Developing a gratitude mindset involves focusing on what we have and/or have access to – so it is an abundance mentality.  It contrasts sharply with the anxiety and resentment that flow from a deficit mentality where the focus is on what you do not have or have access to.  Gratitude, then, is at the root of happiness, displacing dissatisfaction about the absence of something – it entails present moment awareness and thankfulness.  Wong & Brown argue that “gratitude reverses our priorities” and contributes to positive mental health and the alleviation of mental ill-health resulting from “toxic emotions”.

The power of gratitude

The benefits from gratitude are multifaceted.  Kurt, drawing on neuroscience research, contends that gratitude positively impacts our “physiology, biochemistry, brain waves, and nervous system”.   As you delve into the articles and research on gratitude, you can gain an appreciation of the awesome power of gratitude.   Gratitude has the power to enrich your life because it:

  • Develops resilience
  • Opens up possibilities and abundance
  • Creates true freedom from the “wants” and the “need to have”
  • Makes you more fully in the present moment – what do I have now?
  • Generates positive energy for yourself and those around you
  • Diffuses toxic emotions such as envy, resentment and greed
  • Strengthens relationships through appreciation and trust
  • Makes you more open and receptive to change in your life (including what appears to be adverse changes)
  • Enables you to access your inner resources and creativity (because you are not blinded by challenging emotions or distorted perceptions)
  • Helps overcome boredom, difficulties, complaining & feeling overwhelmed
  • Develops feelings of joy and happiness (link to TED talk with over 8.8 millions views)
  • Strengthens our sense of connection to everybody and everything (including our planet).

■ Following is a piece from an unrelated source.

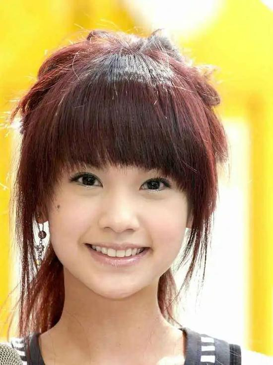 她在出道早期一直顶着这种厚重的刘海,本身就比较圆的脸型加上尚未褪去的婴儿肥,配上这种毫不透气的超厚齐刘海,不仅破坏了面部的比例,还拉宽了脸部线条,显得脸大了不止一圈~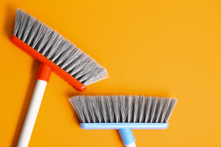 Brooms for cleaning on color background

Accessing the power of gratitude

There are many pathways to gratitude and the associated feelings of happiness and joy.  We have only to set the intention to develop a gratitude mindset and then sustain one or two practices over a period of about three months.  The practices can be quite simple such as a few minutes spent daily in the morning to think about what we are grateful for or an end-of-the day review that reflects on what was good in our life.   Leo Babauta, creator of Zen Habits, suggests that the holiday season is a “time for gratitude” and offers multiple ways to express appreciation.

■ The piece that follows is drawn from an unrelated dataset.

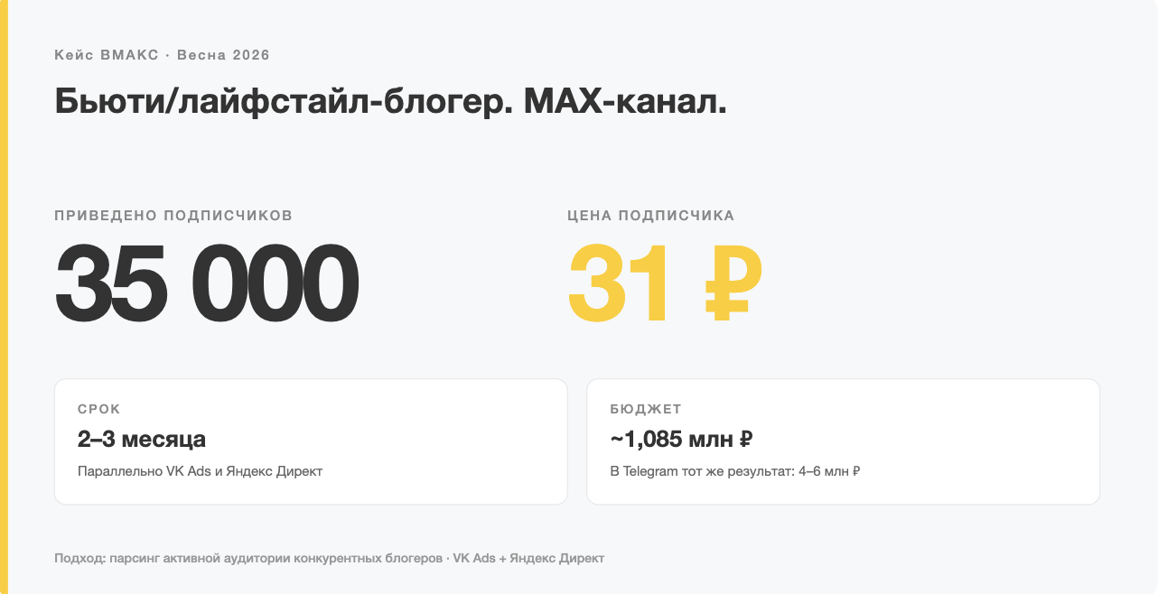Работали комплексно: парсинг активной аудитории конкурентных блогеров той же ниши, таргет VK Ads, параллельно Яндекс Директ. За 2–3 месяца привлекли 35 000 подписчиков в MAX-канал при средней цене 31 ₽ за подписчика. Общий рекламный бюджет — около 1,085 млн ₽.

Journalling is a key activity for developing a gratitude mindset.  This can be done daily, weekly or at irregular intervals.  Like all habits, frequency builds competence.  There are many readily accessible resources and guides for gratitude journalling online.  Rick Hansen, for example, suggests the daily habit of journalling a response to three questions, “someone I’m grateful for?”, “something I’m grateful for?” and “an event I’m grateful for?”.   Mindful.org provides an illustrated Mindful Gratitude Journal including illustrations, 15 gratitude meditations, the science of gratitude, stimulus stories and ideas and ample space for recording your own thoughts.  Mindful also offers a 12-minute meditation podcast on cultivating gratitude for small things.

For many people, nature and music provide the stimulus for gratitude as they can inspire wonder and awe.  Louie Schwartzberg, time-lapse photographer and cinematographer, has developed a stunning video, Gratitude Revealed, which brings together nature imagery, music composition by Lisbeth Scott and commentary by some of the world’s leaders in gratitude and mindfulness, including Brother David Steindl-Rast.  Brother David is the author of Gratefulness, the Heart of Prayer: An Approach to Life in Fulness.

Reflection

The current period of Thanksgiving and Giving Tuesday, reminds us that gratitude and generosity go hand-in-hand.  These celebratory days encourage us to express our gratitude by sharing our good fortune with others. 

As we grow in mindfulness, we gain increasing awareness of what we could be grateful for – nature, the people in our lives (past and present), the opportunities we are afforded, the things we possess and the access we have been given to a multitude of things that bring joy (such as music, sport, art and technology).  We are also motivated to express our gratitude and appreciation in all areas of our life.  Gratitude journalling in its many forms is a mindfulness practice that can help us develop a gratitude mindset – a sure path to happiness, positive mental health and creative endeavor.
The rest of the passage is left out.